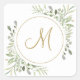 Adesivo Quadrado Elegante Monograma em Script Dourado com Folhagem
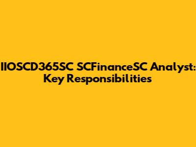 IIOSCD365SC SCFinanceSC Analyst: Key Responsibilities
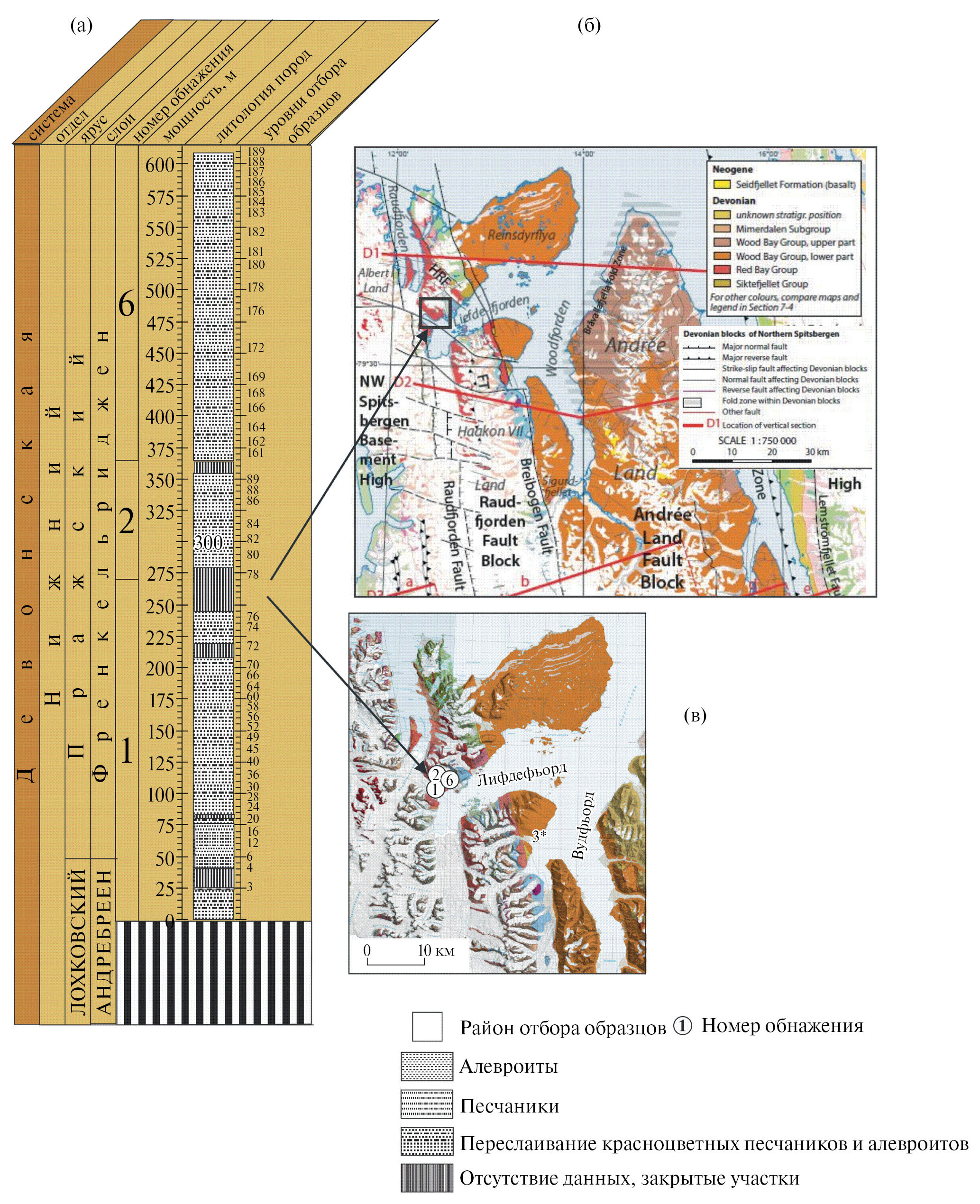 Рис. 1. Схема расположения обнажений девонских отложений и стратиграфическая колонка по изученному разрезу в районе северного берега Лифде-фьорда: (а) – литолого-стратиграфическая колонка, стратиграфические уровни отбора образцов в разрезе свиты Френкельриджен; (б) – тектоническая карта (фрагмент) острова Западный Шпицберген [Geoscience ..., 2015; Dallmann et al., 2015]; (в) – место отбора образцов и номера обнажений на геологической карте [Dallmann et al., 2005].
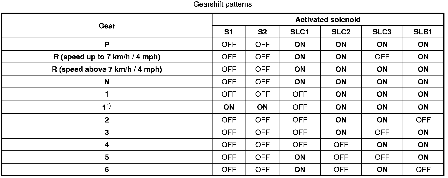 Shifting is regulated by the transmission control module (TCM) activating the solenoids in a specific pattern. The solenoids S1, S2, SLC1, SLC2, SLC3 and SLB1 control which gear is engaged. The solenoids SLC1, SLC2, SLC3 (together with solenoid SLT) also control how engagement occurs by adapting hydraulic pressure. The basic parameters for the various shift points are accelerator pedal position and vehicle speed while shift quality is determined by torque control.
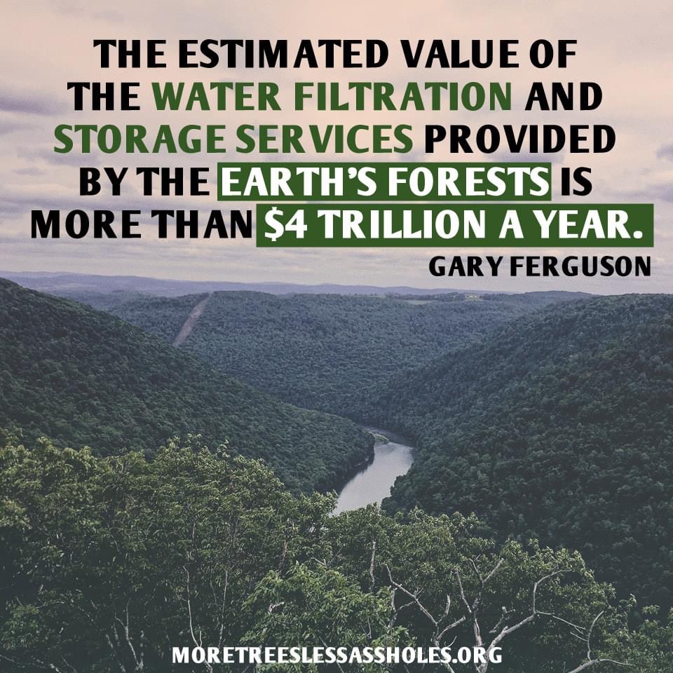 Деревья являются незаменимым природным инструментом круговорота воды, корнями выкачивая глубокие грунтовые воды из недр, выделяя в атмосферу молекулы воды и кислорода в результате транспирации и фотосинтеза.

## Instructions to follow:
Word for word, set down each record shown above, omitting the pictures.

## Written answer:
 Adesivo Quadrado Elegante Monograma em Script Dourado com Folhagem
 IIOSCD365SC SCFinanceSC Analyst: Key Responsibilities
 Рис. 1. Схема расположения обнажений девонских отложений и стратиграфическая колонка по изученному разрезу в районе северного берега Лифде-фьорда: (а) – литолого-стратиграфическая колонка, стратиграфические уровни отбора образцов в разрезе свиты Френкельриджен; (б) – тектоническая карта (фрагмент) острова Западный Шпицберген [Geoscience ..., 2015; Dallmann et al., 2015]; (в) – место отбора образцов и номера обнажений на геологической карте [Dallmann et al., 2005].
 Shifting is regulated by the transmission control module (TCM) activating the solenoids in a specific pattern. The solenoids S1, S2, SLC1, SLC2, SLC3 and SLB1 control which gear is engaged. The solenoids SLC1, SLC2, SLC3 (together with solenoid SLT) also control how engagement occurs by adapting hydraulic pressure. The basic parameters for the various shift points are accelerator pedal position and vehicle speed while shift quality is determined by torque control.
 Деревья являются незаменимым природным инструментом круговорота воды, корнями выкачивая глубокие грунтовые воды из недр, выделяя в атмосферу молекулы воды и кислорода в результате транспирации и фотосинтеза.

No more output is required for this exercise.